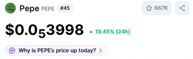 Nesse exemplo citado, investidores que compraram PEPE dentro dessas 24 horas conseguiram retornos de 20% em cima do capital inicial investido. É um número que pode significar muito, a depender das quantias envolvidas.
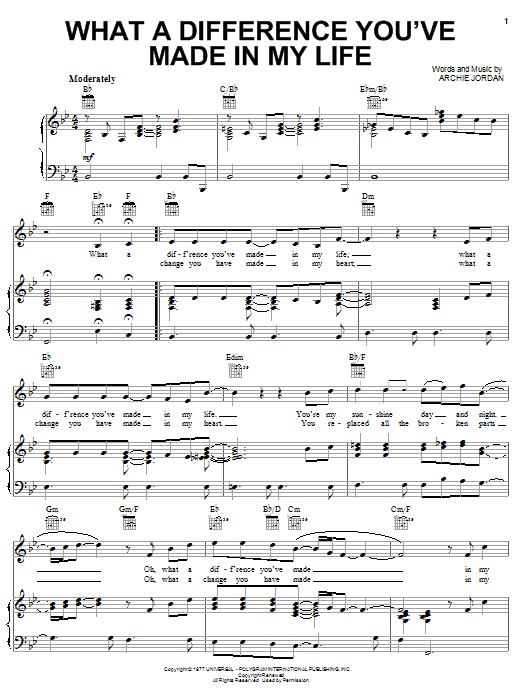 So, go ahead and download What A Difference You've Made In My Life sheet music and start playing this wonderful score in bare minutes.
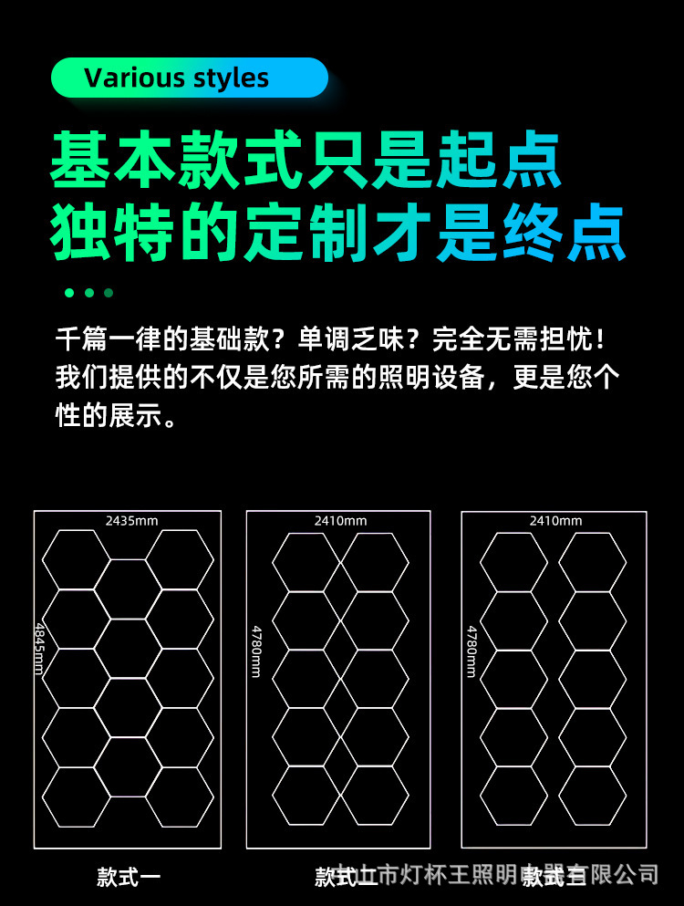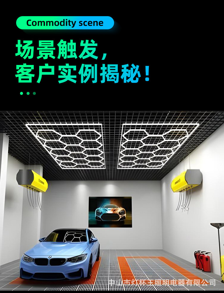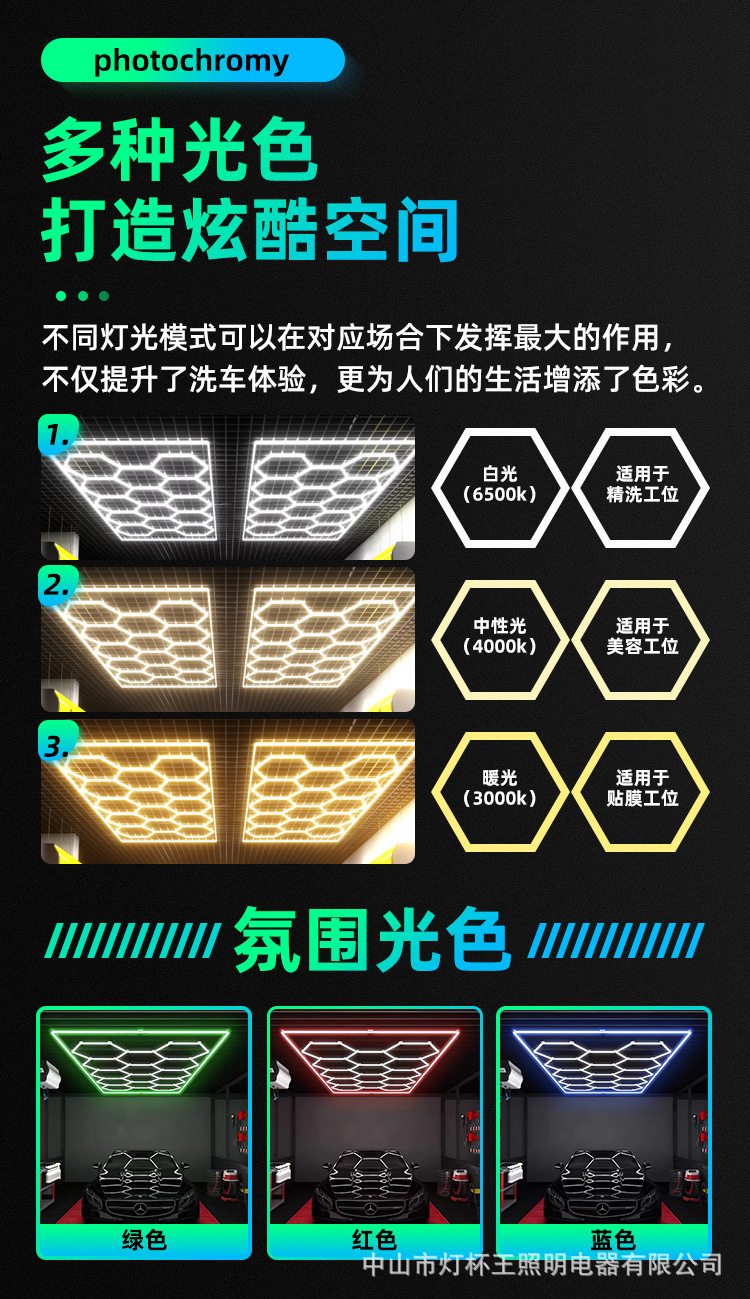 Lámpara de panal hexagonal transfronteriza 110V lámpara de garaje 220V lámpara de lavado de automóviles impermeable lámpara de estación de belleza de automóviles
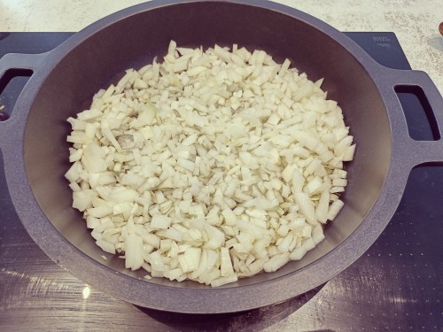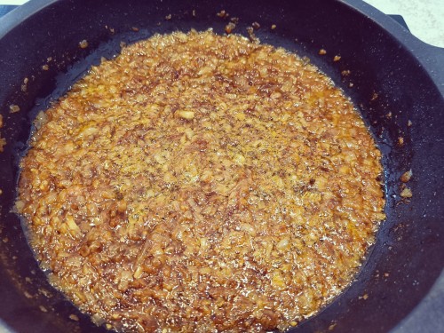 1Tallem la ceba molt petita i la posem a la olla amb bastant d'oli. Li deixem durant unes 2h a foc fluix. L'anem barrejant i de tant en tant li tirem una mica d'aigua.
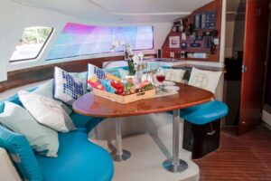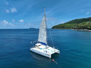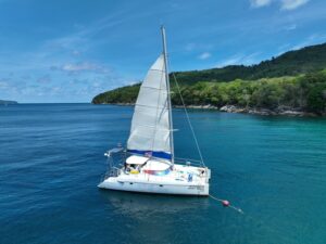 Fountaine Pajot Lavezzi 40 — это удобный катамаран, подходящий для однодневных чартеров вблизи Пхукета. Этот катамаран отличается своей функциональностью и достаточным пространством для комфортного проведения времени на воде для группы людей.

##############################

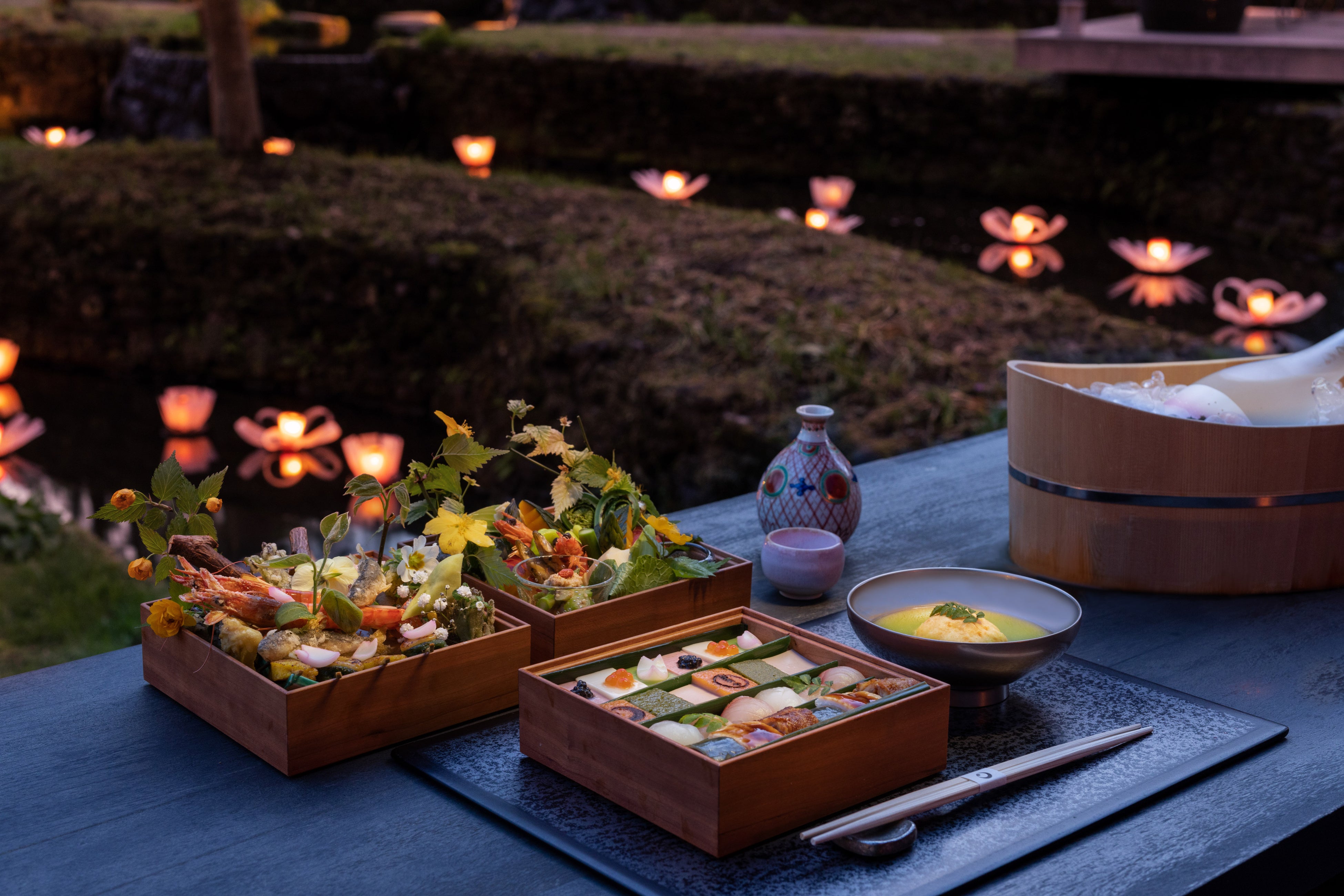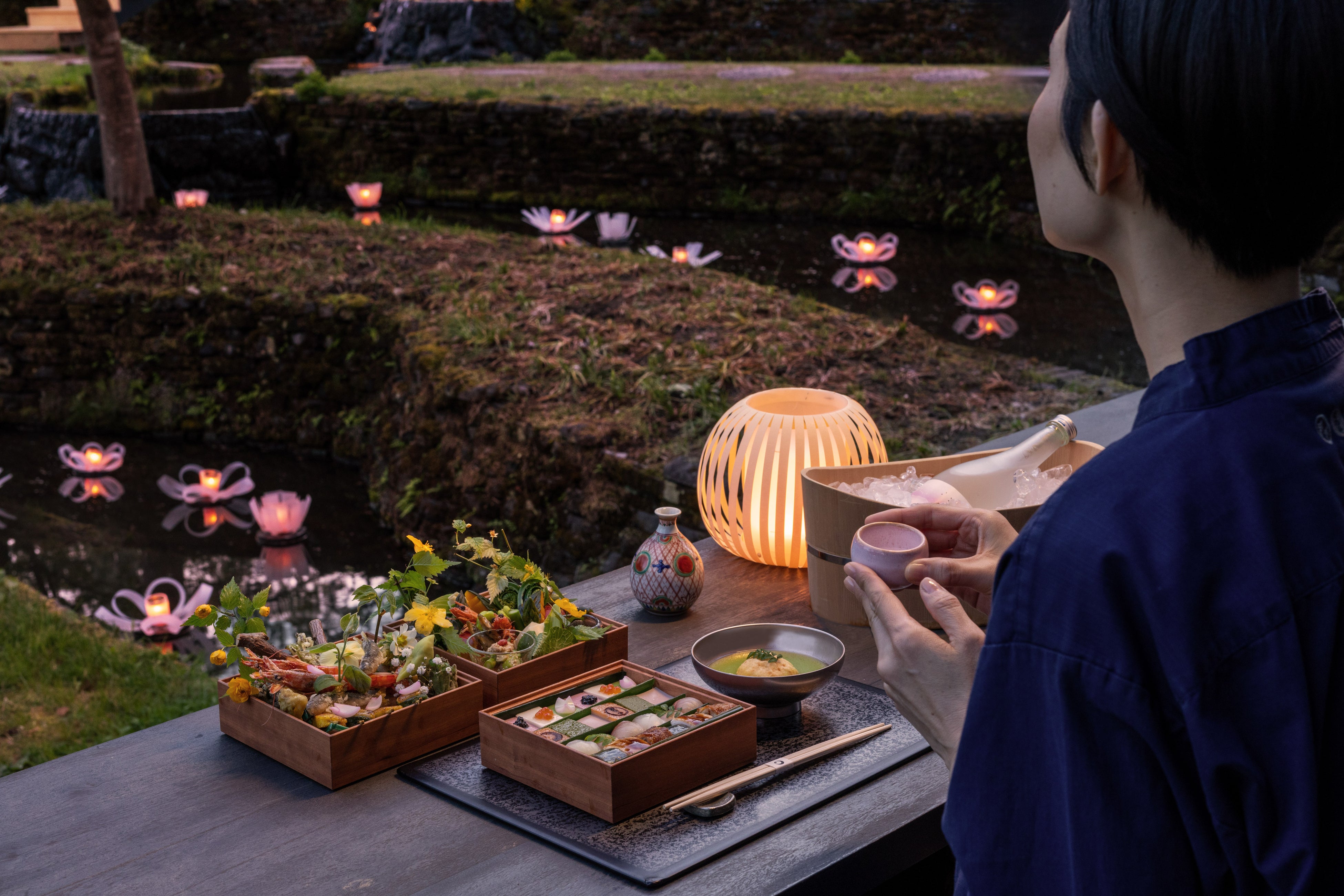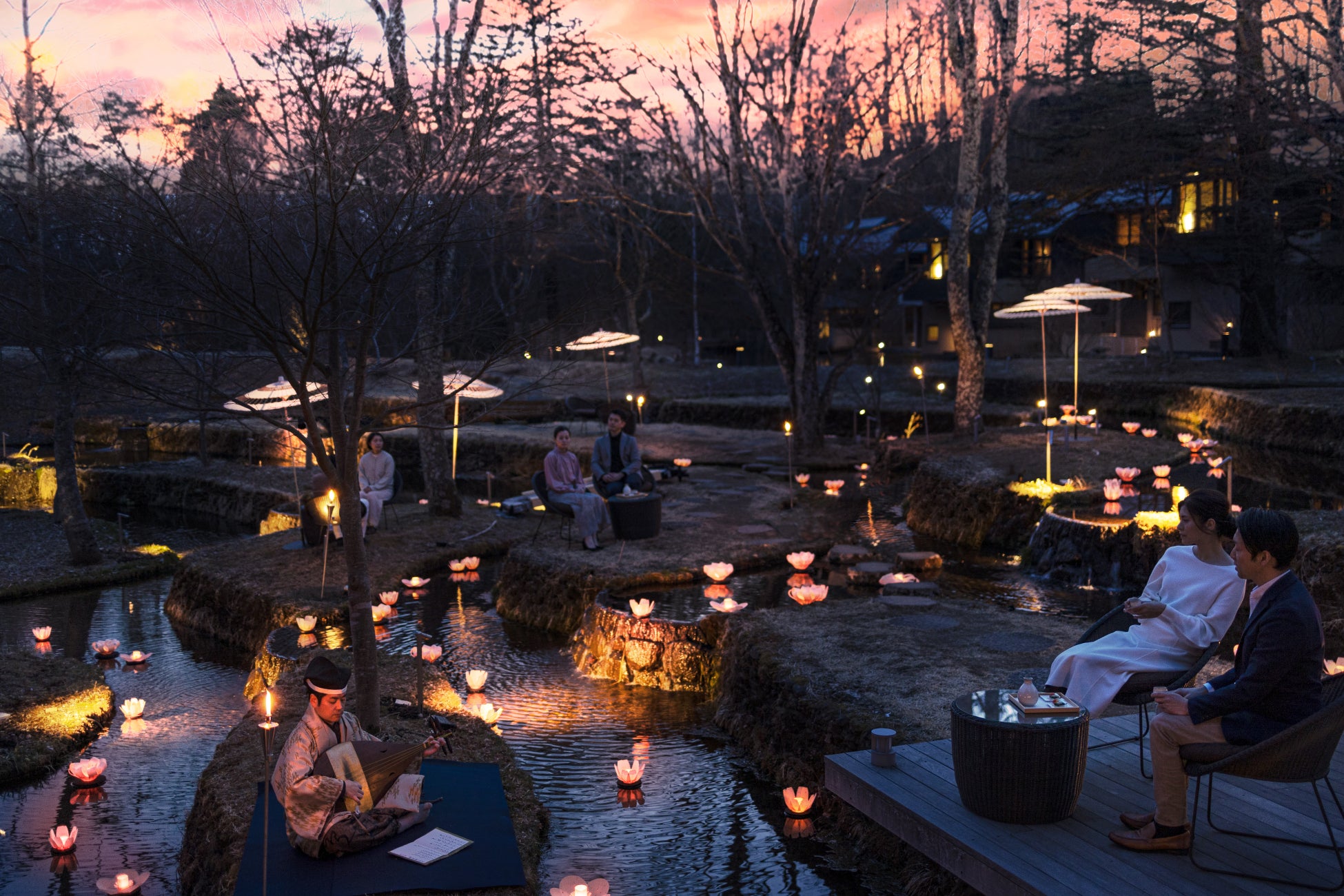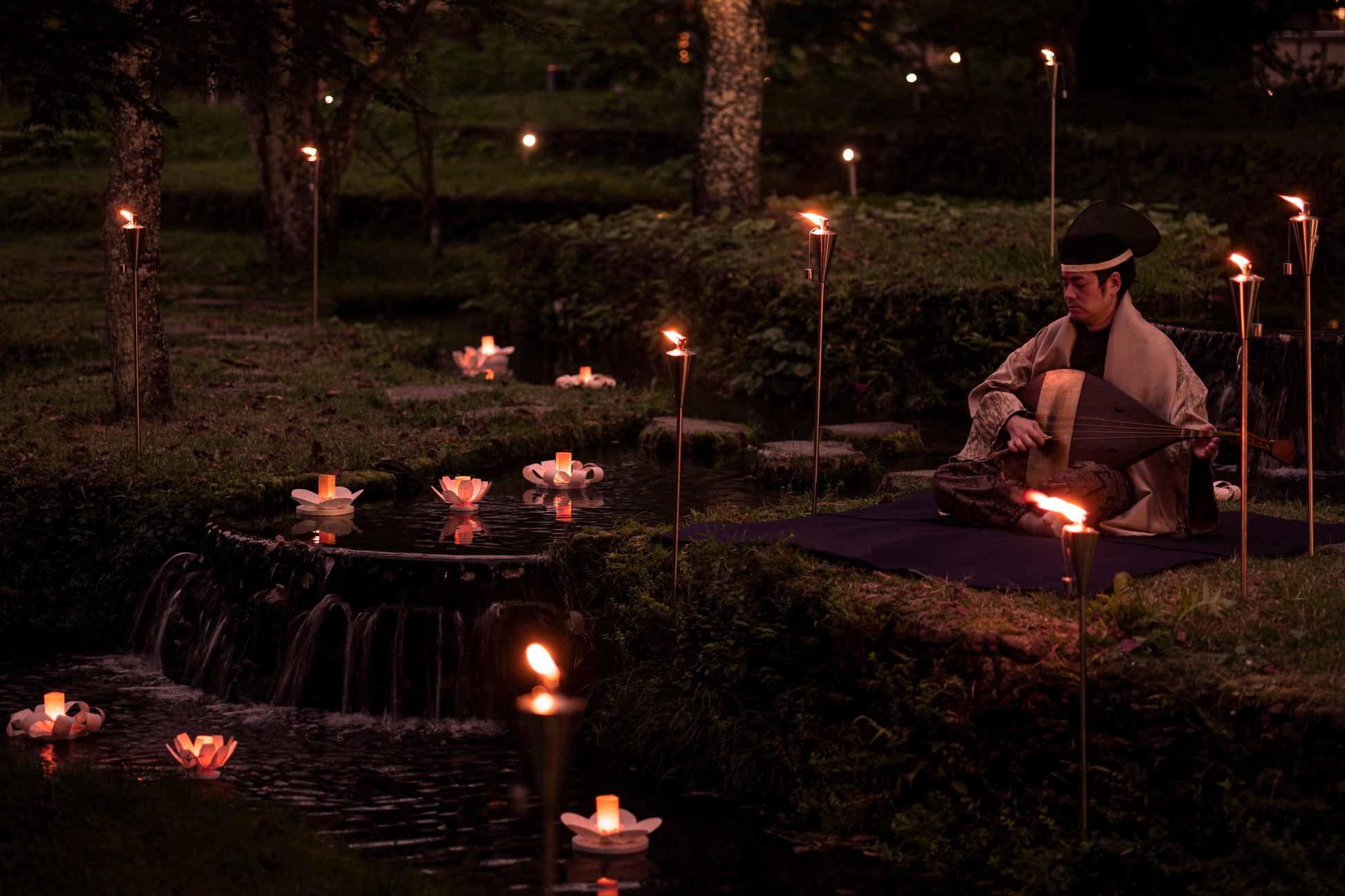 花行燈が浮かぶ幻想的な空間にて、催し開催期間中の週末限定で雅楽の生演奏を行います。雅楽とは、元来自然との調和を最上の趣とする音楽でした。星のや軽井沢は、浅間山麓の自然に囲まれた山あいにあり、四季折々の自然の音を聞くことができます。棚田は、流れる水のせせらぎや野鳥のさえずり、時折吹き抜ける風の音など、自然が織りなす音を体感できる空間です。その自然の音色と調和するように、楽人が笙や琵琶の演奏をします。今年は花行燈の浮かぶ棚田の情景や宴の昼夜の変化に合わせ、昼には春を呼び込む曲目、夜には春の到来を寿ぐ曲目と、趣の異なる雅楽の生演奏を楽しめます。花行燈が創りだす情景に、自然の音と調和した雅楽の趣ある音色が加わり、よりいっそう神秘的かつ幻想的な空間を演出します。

##############################

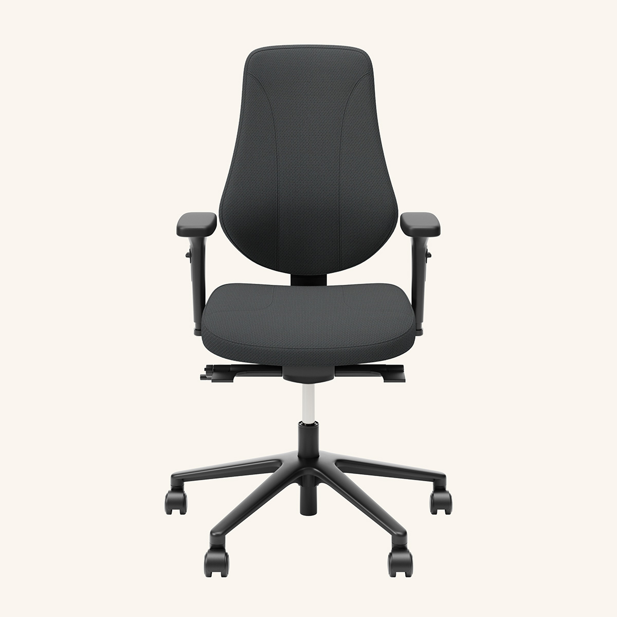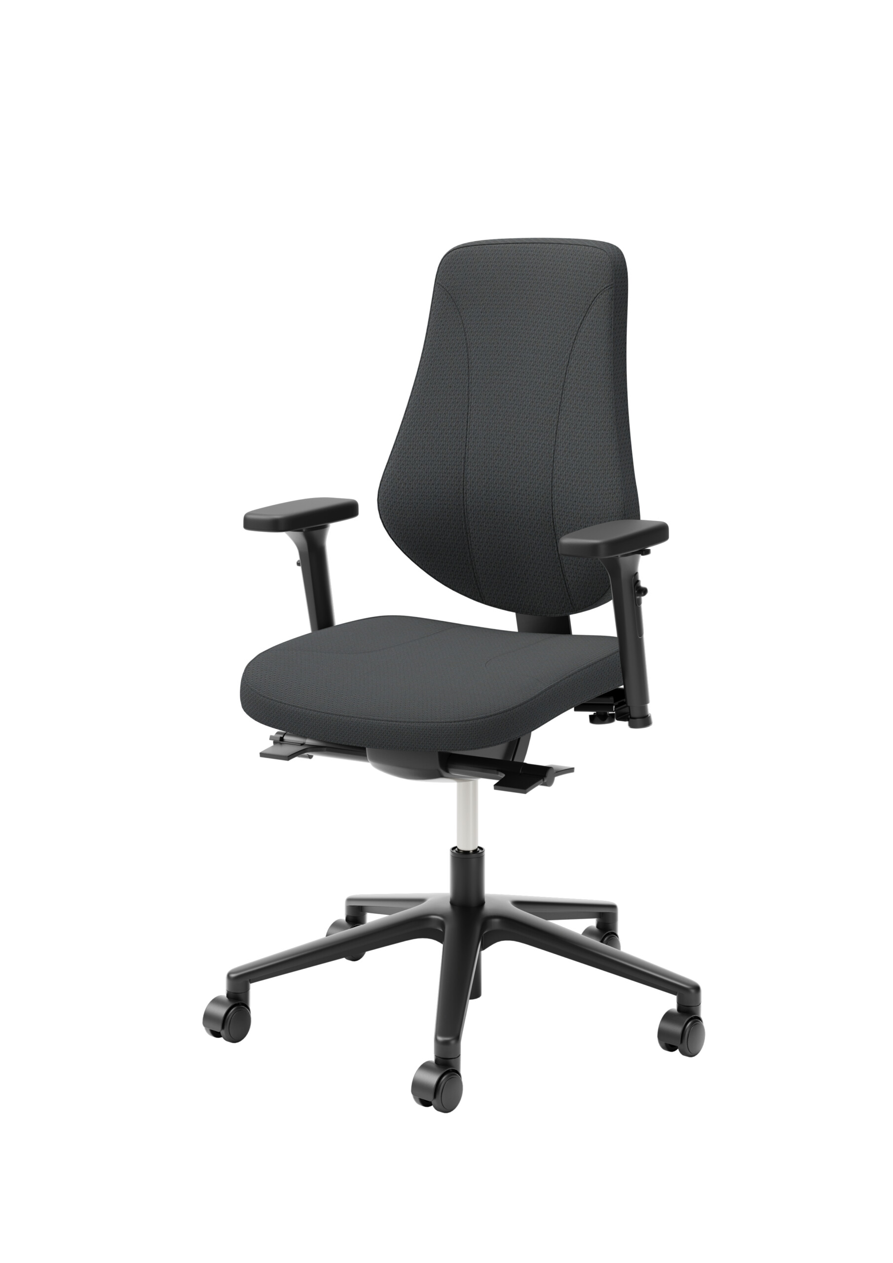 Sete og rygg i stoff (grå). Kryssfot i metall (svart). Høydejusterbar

##############################

* ASSIGNMENT:
Write down exactly what the lines above say, from the line holding "Nesse exemplo citado, investidores" through the line holding "1Tallem la ceba", and nothing more. Do not copy the pictures.

* TASK ANSWER:
 Nesse exemplo citado, investidores que compraram PEPE dentro dessas 24 horas conseguiram retornos de 20% em cima do capital inicial investido. É um número que pode significar muito, a depender das quantias envolvidas.
 So, go ahead and download What A Difference You've Made In My Life sheet music and start playing this wonderful score in bare minutes.
 Lámpara de panal hexagonal transfronteriza 110V lámpara de garaje 220V lámpara de lavado de automóviles impermeable lámpara de estación de belleza de automóviles
 1Tallem la ceba molt petita i la posem a la olla amb bastant d'oli. Li deixem durant unes 2h a foc fluix. L'anem barrejant i de tant en tant li tirem una mica d'aigua.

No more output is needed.